PROBLEM REQUIREMENTS: Give back every entry exactly as it is written, but not the pictures.

Entries taken from a collection:

===============

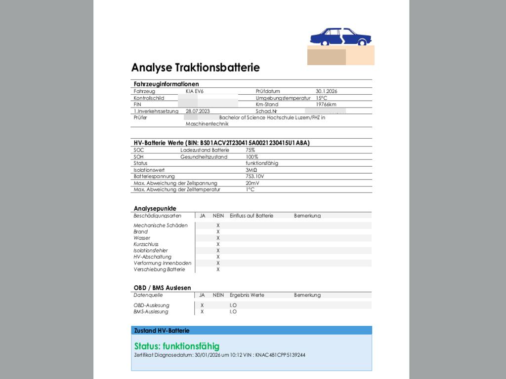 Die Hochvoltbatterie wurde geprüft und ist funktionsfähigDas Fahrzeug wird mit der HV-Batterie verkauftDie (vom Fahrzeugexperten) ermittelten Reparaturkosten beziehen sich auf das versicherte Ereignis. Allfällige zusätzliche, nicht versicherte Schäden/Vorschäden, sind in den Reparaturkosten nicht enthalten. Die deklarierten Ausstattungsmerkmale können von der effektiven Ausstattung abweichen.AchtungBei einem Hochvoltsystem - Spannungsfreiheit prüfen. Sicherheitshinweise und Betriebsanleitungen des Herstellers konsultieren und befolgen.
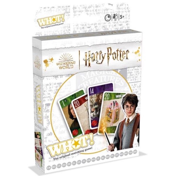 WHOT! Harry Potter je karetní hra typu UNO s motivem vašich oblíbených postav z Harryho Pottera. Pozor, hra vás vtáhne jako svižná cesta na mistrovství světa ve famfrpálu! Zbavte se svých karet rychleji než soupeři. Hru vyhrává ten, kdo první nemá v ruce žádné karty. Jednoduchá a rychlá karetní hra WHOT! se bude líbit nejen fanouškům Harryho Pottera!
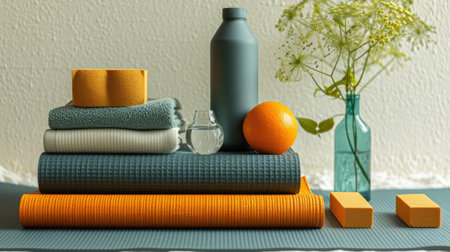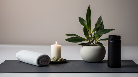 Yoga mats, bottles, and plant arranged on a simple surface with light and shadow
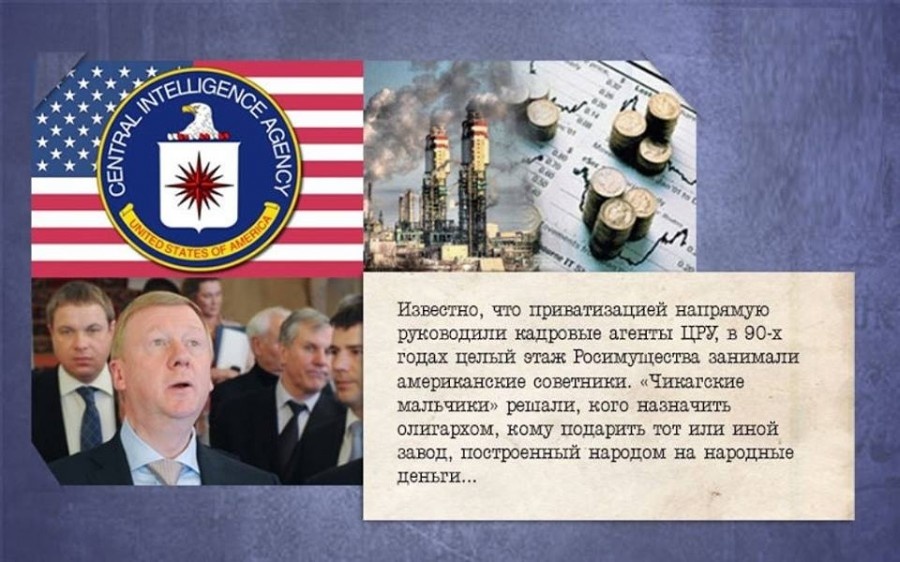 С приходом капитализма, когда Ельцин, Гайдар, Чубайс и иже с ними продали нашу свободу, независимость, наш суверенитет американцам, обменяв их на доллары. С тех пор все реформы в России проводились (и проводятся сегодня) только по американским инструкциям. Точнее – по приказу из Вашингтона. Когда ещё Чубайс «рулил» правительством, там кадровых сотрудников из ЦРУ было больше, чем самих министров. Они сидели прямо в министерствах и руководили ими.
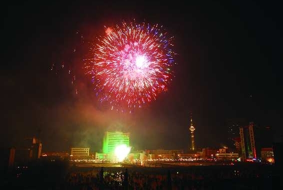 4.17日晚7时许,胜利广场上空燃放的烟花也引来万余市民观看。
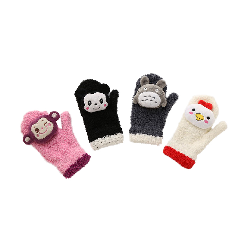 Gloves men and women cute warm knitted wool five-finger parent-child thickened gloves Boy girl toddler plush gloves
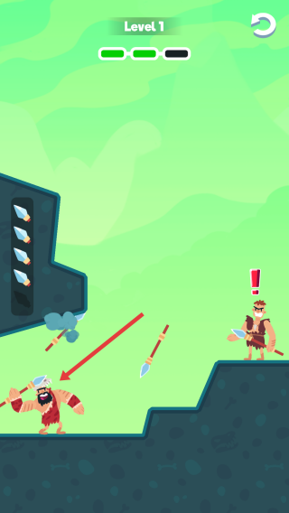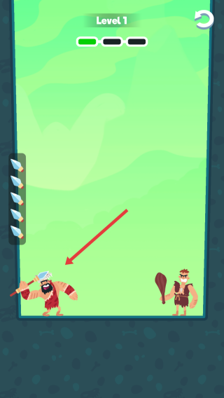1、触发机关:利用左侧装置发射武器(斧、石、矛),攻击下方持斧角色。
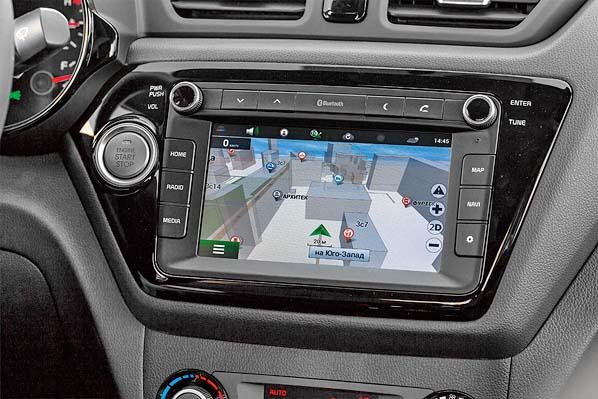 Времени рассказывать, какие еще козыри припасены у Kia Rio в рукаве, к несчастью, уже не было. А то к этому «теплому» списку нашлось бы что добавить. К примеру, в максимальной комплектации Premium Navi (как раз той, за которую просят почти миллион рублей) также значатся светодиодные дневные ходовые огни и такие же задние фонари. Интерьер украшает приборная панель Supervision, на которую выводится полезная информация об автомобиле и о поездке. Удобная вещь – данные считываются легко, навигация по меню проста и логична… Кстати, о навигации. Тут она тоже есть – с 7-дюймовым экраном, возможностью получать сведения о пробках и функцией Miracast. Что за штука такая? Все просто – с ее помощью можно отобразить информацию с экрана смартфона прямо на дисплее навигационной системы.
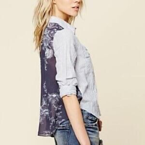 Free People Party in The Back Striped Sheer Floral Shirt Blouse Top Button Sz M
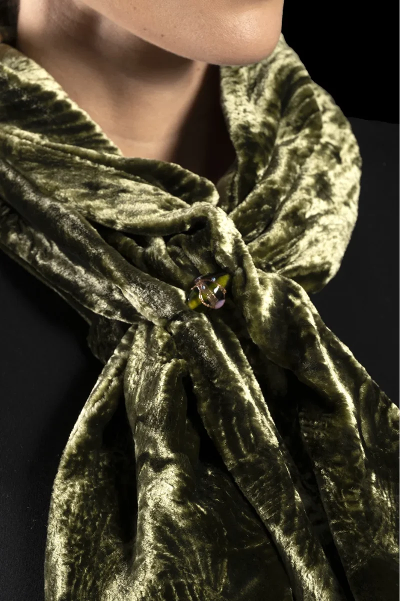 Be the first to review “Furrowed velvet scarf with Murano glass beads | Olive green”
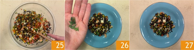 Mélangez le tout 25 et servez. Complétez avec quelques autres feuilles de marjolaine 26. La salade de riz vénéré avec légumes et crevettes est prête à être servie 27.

===============

OUTPUT OF THE TASK:
 Die Hochvoltbatterie wurde geprüft und ist funktionsfähigDas Fahrzeug wird mit der HV-Batterie verkauftDie (vom Fahrzeugexperten) ermittelten Reparaturkosten beziehen sich auf das versicherte Ereignis. Allfällige zusätzliche, nicht versicherte Schäden/Vorschäden, sind in den Reparaturkosten nicht enthalten. Die deklarierten Ausstattungsmerkmale können von der effektiven Ausstattung abweichen.AchtungBei einem Hochvoltsystem - Spannungsfreiheit prüfen. Sicherheitshinweise und Betriebsanleitungen des Herstellers konsultieren und befolgen.
 WHOT! Harry Potter je karetní hra typu UNO s motivem vašich oblíbených postav z Harryho Pottera. Pozor, hra vás vtáhne jako svižná cesta na mistrovství světa ve famfrpálu! Zbavte se svých karet rychleji než soupeři. Hru vyhrává ten, kdo první nemá v ruce žádné karty. Jednoduchá a rychlá karetní hra WHOT! se bude líbit nejen fanouškům Harryho Pottera!
 Yoga mats, bottles, and plant arranged on a simple surface with light and shadow
 С приходом капитализма, когда Ельцин, Гайдар, Чубайс и иже с ними продали нашу свободу, независимость, наш суверенитет американцам, обменяв их на доллары. С тех пор все реформы в России проводились (и проводятся сегодня) только по американским инструкциям. Точнее – по приказу из Вашингтона. Когда ещё Чубайс «рулил» правительством, там кадровых сотрудников из ЦРУ было больше, чем самих министров. Они сидели прямо в министерствах и руководили ими.
 4.17日晚7时许,胜利广场上空燃放的烟花也引来万余市民观看。
 Gloves men and women cute warm knitted wool five-finger parent-child thickened gloves Boy girl toddler plush gloves
1、触发机关:利用左侧装置发射武器(斧、石、矛),攻击下方持斧角色。
 Времени рассказывать, какие еще козыри припасены у Kia Rio в рукаве, к несчастью, уже не было. А то к этому «теплому» списку нашлось бы что добавить. К примеру, в максимальной комплектации Premium Navi (как раз той, за которую просят почти миллион рублей) также значатся светодиодные дневные ходовые огни и такие же задние фонари. Интерьер украшает приборная панель Supervision, на которую выводится полезная информация об автомобиле и о поездке. Удобная вещь – данные считываются легко, навигация по меню проста и логична… Кстати, о навигации. Тут она тоже есть – с 7-дюймовым экраном, возможностью получать сведения о пробках и функцией Miracast. Что за штука такая? Все просто – с ее помощью можно отобразить информацию с экрана смартфона прямо на дисплее навигационной системы.
 Free People Party in The Back Striped Sheer Floral Shirt Blouse Top Button Sz M
 Be the first to review “Furrowed velvet scarf with Murano glass beads | Olive green”
 Mélangez le tout 25 et servez. Complétez avec quelques autres feuilles de marjolaine 26. La salade de riz vénéré avec légumes et crevettes est prête à être servie 27.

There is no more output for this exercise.